ACTION ITEM.
Write out, from the entries below, exactly the lines that run between the lines holding "Серьги золотые с" and "The Ansley Strapless", inclusive, and stop there.

DATASET RECORDS.
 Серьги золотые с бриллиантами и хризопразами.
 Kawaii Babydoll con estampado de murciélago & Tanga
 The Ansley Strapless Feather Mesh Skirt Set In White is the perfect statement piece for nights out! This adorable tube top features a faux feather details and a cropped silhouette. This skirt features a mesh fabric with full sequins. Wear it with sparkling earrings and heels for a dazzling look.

* * *

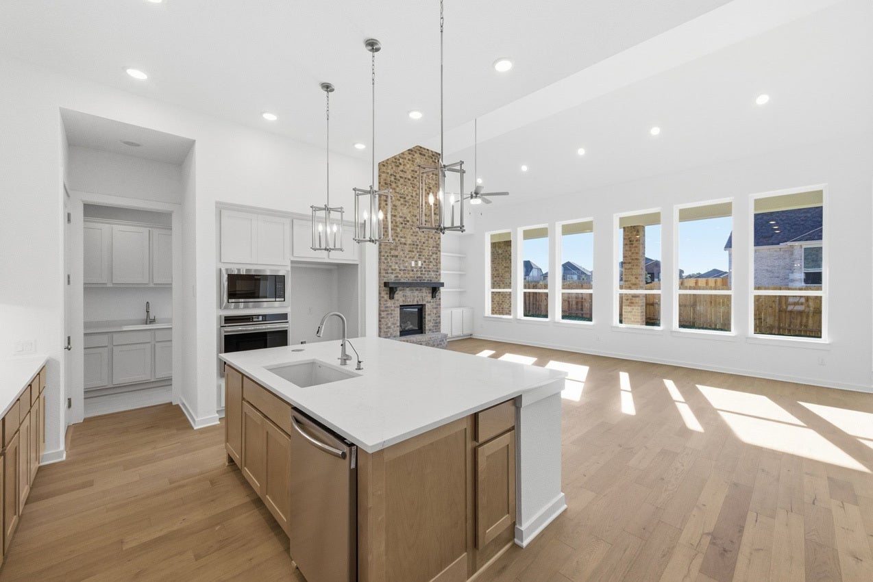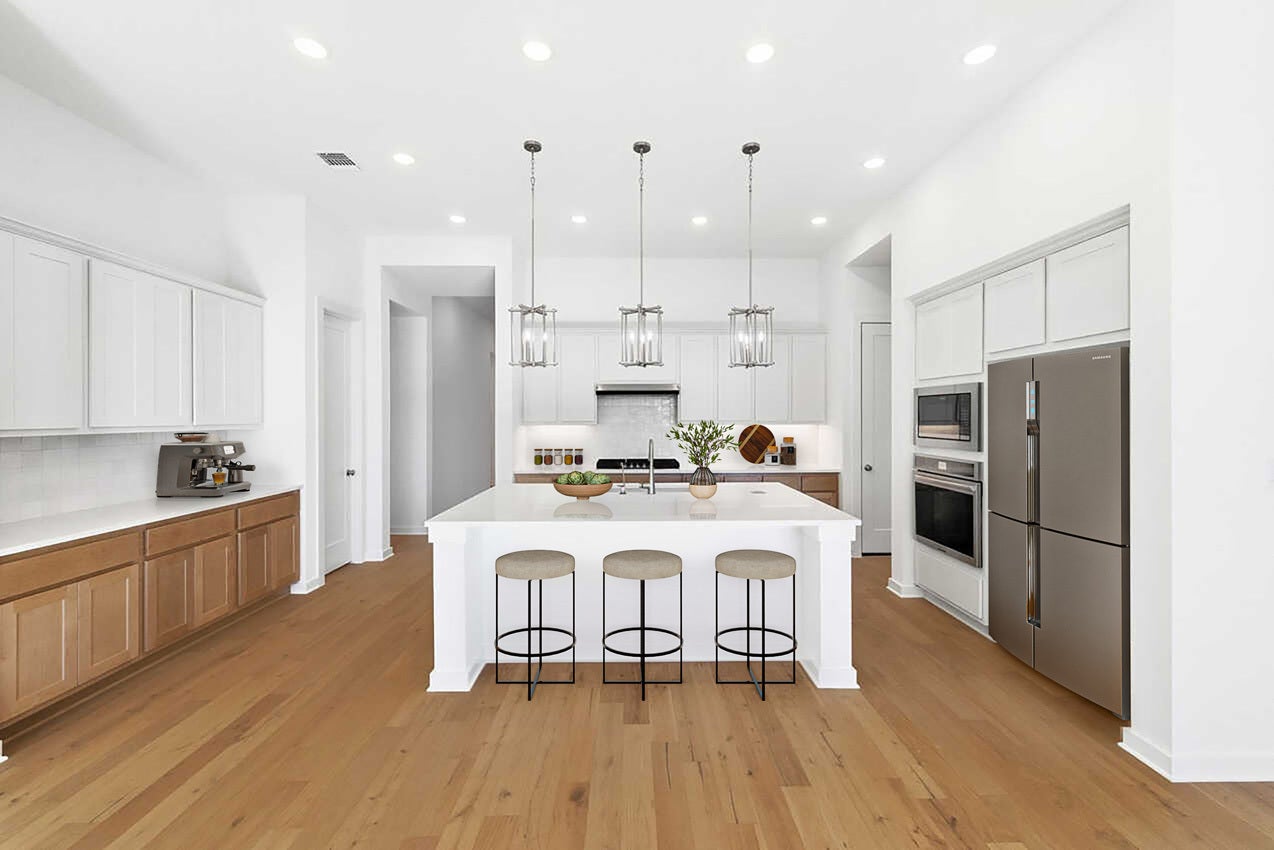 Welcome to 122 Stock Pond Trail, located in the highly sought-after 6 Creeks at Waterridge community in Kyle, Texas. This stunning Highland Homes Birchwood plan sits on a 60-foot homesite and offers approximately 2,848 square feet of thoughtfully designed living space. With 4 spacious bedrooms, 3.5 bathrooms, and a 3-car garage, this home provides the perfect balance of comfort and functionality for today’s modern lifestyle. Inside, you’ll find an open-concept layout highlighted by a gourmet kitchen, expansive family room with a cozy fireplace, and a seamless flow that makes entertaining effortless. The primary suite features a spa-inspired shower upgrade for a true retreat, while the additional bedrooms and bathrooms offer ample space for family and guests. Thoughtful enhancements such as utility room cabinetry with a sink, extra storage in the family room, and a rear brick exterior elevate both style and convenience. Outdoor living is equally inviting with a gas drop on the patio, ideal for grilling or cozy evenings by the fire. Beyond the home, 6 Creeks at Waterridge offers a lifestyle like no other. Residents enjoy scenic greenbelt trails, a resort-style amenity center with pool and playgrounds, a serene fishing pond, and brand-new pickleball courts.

RESULT OF THE EXERCISE.
 Серьги золотые с бриллиантами и хризопразами.
 Kawaii Babydoll con estampado de murciélago & Tanga
 The Ansley Strapless Feather Mesh Skirt Set In White is the perfect statement piece for nights out! This adorable tube top features a faux feather details and a cropped silhouette. This skirt features a mesh fabric with full sequins. Wear it with sparkling earrings and heels for a dazzling look.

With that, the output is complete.